I showed Doug’s daughter how to give the injections and how to administer the fluids.
“Give each pup about 500 cc fluids under their skin on their back, between the shoulder blades is easiest. It will make a big lump, but that will go down quickly as the fluid is absorbed. You may notice some swelling around their elbows but don’t worry about that.”
She took the instruction in stride and already and chart to keep track of what she would give each pup.
“You give me a call every morning at about 10:00. I should be done with surgeries by then and will time to talk with you. We could lose some of these guys. We are going to need to get lucky,” I said as was getting ready to leave.
Doug came out and handed me $100.00. “This is all I have right now, but all I need to do is sell a couple of these pups, and I can make things right with you, Doc.”
You might need to sell more than a couple of $50.00 pups, I thought to myself. “Give me a call in the morning so we can keep track of how we are doing. And Doug, hold your mouth just right when you sleep, we are going to need all the luck we can muster.”
The first morning the call came right at 10:00. The pups were still alive, but all of them were vomiting. Debbie had treated them all with no problems. The next morning everything was going fine, and Debbie thought most of the pups were feeling better. By the third day, it was looking like we were out of the woods with only one pup still not feeling well. It looked like we were going to get through this smelling like roses. This could be something other than Parvo.
Now all I needed was for Doug to pay the bill.
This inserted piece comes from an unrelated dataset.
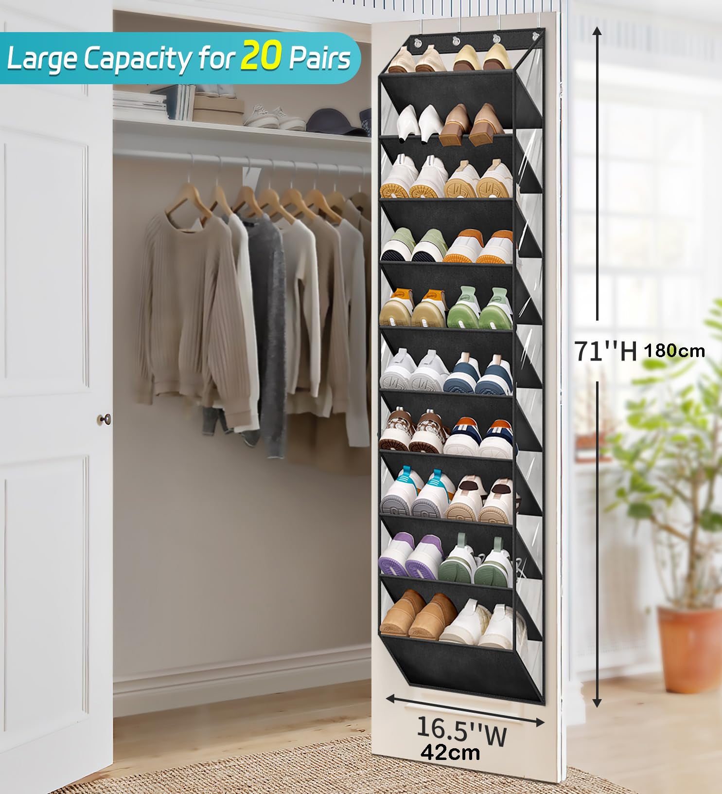 Non seulement idéale pour tous les types de chaussures, mais aussi parfaite pour les articles de toilette, les collations, les cosmétiques, les écharpes, les gants, les chaussettes, les chapeaux, les jouets et bien plus encore. Nos supports à chaussures sur porte répondent à vos besoins. Le tissu robuste résiste à l'utilisation et est facile à nettoyer, de sorte que votre maison reste bien rangée à tout moment. Contenu de la livraison : 1 organiseur de chaussures à suspendre au-dessus de la porte. Design de crochets non amovibles : Les petits objets tels que des sacs, des clés, des cravates, des chapeaux, des écharpes, des casques, des tapis de bébé, des peignoirs, des sweats à capuche, etc. Il y a 6 jours · Un grand choix de produits aux meilleurs prix RANJIMA Support à Chaussures Réglables, 4 Pièces Rangement Chaussures Organisateur de chaussures au-dessus de la porte avec une grande capacité : l'organisateur de chaussures au-dessus de la porte mesure 81 x 43 cm et dispose de 12 compartiments généreux. Le design peu encombrant permet une organisation efficace. Utilisation polyvalente : en plus du rangement des chaussures, l'organisateur de chaussures peut également être utilisé pour les accessoires, les matériaux de bricolage, les jouets, les ustensiles de cuisine, les produits de toilette, les produits de toilette, les produits de beauté et d'autres articles ménagers. - Dimensions : 43 x 17 x 81 cm. Sollbry 2 Pièces Range Chaussures à Suspendre Sur La Porte, Sac De Rangement Suspendu Avec 24 Poches Rangement De Chaussures Suspendu Organiseur De Suspension Multifonction Pour Chambre A Coucher 85459853 Rangement à chaussures à suspendre sur porte, étagère à chaussures avec 8 poches profondes, organiseur de chaussures avec 4 crochets métalliques robustes, 20 paires de chaussures (noir Le tube en fibre conserve sa forme : Le tuyau en fibre intégré a une capacité de charge élevée et conserve sa forme à long terme, ce qui évite les déformations. L'organisateur de chaussures de porte est non seulement adapté à tous les types de chaussures, mais aussi idéal pour une variété d'objets tels que les ustensiles de toilette, les articles de garde-manger, les cosmétiques, les serviettes, les gants, les bouteilles, les clés, les chapeaux, les jouets et plus encore. - Couleur : gris/noir. L'étagère à chaussures suspendue RANJIMA répond parfaitement à vos besoins. Matériau de qualité supérieure : Fabriquée en tissu Oxford 600D robuste et durable, super léger et résistant à l'usure, plus durable que le tissu non tissé. Utilisation multiple dans différents scénarios : notre rangement à chaussures suspendu peut être utilisé pour ranger une variété d'objets et est idéal pour les armoires, les buanderies, les salles de jeux, les chambres, les salles de bains et même les portes arrière de camping-car.

It was a month later when Doug came into the clinic. He had a broad smile on his face as he pulled a roll of bills from his pocket. “You did great Doc. Those pups all came through that Parvo without a problem. I have already sold five of them.”
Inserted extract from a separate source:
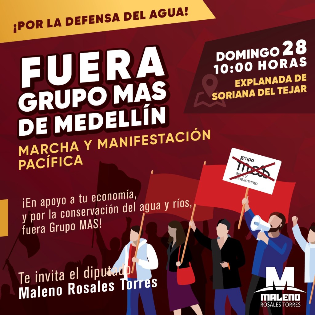 La invitación se extiende a los ciudadanos inconformes de los municipios de Veracruz y Medellín de Bravo, donde Grupo MAS tiene injerencia en la administración del agua; pero también se le abre las puertas a ciudadanos de Jamapa, Atoyac, Camarón de Tejeda, Soledad de Doblado, Carrillo Puerto, Boca del Río, Manlio Fabio Altamirano, Cuitláhuac y Cotaxtla.

“That’s good, we got lucky. We have a new vaccine coming out, you just have to remember to vaccinate your dogs and all the pups next time. That virus stays in the ground for over a year.”
“I have enough to pay the bill, and I can pick vaccine for all the dogs. It has been a while since I wormed them, except for a tobacco chew, so I better pick up some worm pills also.”
“Are you sure you have enough for the bill and all of the other stuff. You only sold five pups.”
“These are valuable pups, Doc. I sell them as hunting dogs.”
“Hunting dogs! What do mean by that, Doug?”
“I train them up in the mountains, and I sell them all over the country. I don’t have any problems selling them. If I do, I just lower the price to $500.00, and they are gone almost overnight.”
$500.00 was unheard of for dogs at the time, even the best purebred dog in Sweet Home would not sell for $500.00.
“Doug, that is unreal, what is your initial asking price?”
“I sell most of them for $750.00, plus whatever I need to add on to cover the shipping cost. I sell these pups all over the country. I just run a couple of little magazine ads.”
“What kind of training do you give them? I mean, what can they hunt that makes them that valuable? Guys that run purebred hounds don’t get that kind of money for their pups.”
“We train them up in the mountains. There is a lot of stuff that goes on in those woods that people never see unless they spend a lot of time out there.”
“What are you talking about?” I ask, somewhat afraid of the answer.
“Doc, where else can you buy a hunting dog that has actually been trained to track Sasquatch?”